Sin City: A Dame to Kill For knows what it wants, but utterly misses in its execution.
The folly of returning to an old franchise nearly 10 years after it was made has proven to be difficult at best and disastrous at worst. Whether it's expectation or the passage of time, film series that see such lapses hardly ever work out. This year's 300: Rise of an Empire was engaging in its leads, but it failed to attract audiences who saw the original as their Holy Bible of Violence. Sin City: A Dame to Kill For only strengthens my theory that all series have a shelf life.
Wrapping three stories of life in crime-ridden Sin City, we follow the further adventures of the bruiser Marv (Mickey Rourke), dancer Nancy (Jessica Alba), and anti-hero Dwight (Josh Brolin), as well as new ones by the gambler Johnny (Joseph Gordon-Levitt). Some want money, others respect, and a couple just want to wash away their demons. But the city always throws up obstacles like Senator Roark (Powers Booth), the black widow Ava (Eva Green), and her massive bodyguard Manute (Dennis Haysbert), all of whom want Sin City to retain its well-earned name. As its most hard-boiled residents - including Gail (Rosario Dawson) and her militarized sex kittens - get caught in the crossfire, the city gets ready to claim another life under its mean and unforgiving streets.
The original Sin City succeeded so completely because it mixed a modernized noir script with appealing characters and an intoxicating blend of ultra-violence and sexuality. Dame simply slathers on the sex, dials down the violence, and hacks almost every character we come into contact with...and I don't mean 'hack' like cut them in two, although that does occur as well. The only redeeming quality appears to be Green, an actress who knows how to sell her sex like a shrewd businesswoman. There's few times when she's actually clothed, but her dark gazes and manipulative assets could draw in the most chaste man or woman. She seduces everyone, from Dwight to an SC detective played by Christopher Meloni with perfect suavity and a killer body to boot.

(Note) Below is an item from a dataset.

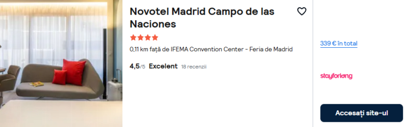 272 €/pers. (zbor si cazare Novotel Madrid Campo de las Naciones )

But a story must endure above the sex - see Nymphomaniac and Green's The Dreamers - and Dame never seeds anything of value, taking us on what feels like a 2-hour death march of character drama that feels tired and generally uninspired. We get it: Sin City is a cesspit with innocents ground down under its wheels. But it seems completely incapable of taking that element beyond skin deep, content to brandish its weapons, women, and corruption without elevating itself in the least. After Green is seen nude for the 12th or 13th time, the gyrations of Nancy - icing on the cake in the original - are more like dialed-in tease than a nerd's bondage fantasies come to life.
Confident in what it has but unable to successfully execute it, Directors Miller and Robert Rodriguez never gift us with a new set of memorable moments that made the original so enjoyable. Performances are mostly good enough (again, Green standing above everyone else), and the visuals are great once again. But our team also produces a menagerie of forgettable secondary characters who fail to stick around long enough for us to care about them, and ignore telling deeper stories about returning characters Marv and Gail. He's still the blunt weapon and she's still the ruler over her part of town, blah blah blah. Rather than upping the stakes and editing the runtime for maximum effect, Miller and Rodriguez tell one story too many. Alba should have followed Willis's smart decision to remain a pseudo-cameo and instead given us a dance for the ages. Instead, she gets her revenge on what becomes a wholly unsatisfying affair.
There was a time when films like Sin City and 300 threatened to re-imagine the Hollywood assembly line of making movies. Sadly, both returned this year worse for wear, missing core elements that separated themselves from the traditional action film. Sin City: A Dame to Kill For feels like old hat, regardless of its extraordinary visuals. In many ways, Hollywood has finally eclipsed these franchises, giving us the sex and violence we want with the deeper political intrigue we need. To say Sin City started it all would be about as much credit as I'm willing to give. Any other positive statements about this follow-up would simply be untrue.
Sin City: A Dame to Kill For is Rated R for strong brutal stylized violence throughout, sexual content, nudity, and brief drug use and has a runtime of 102 minutes.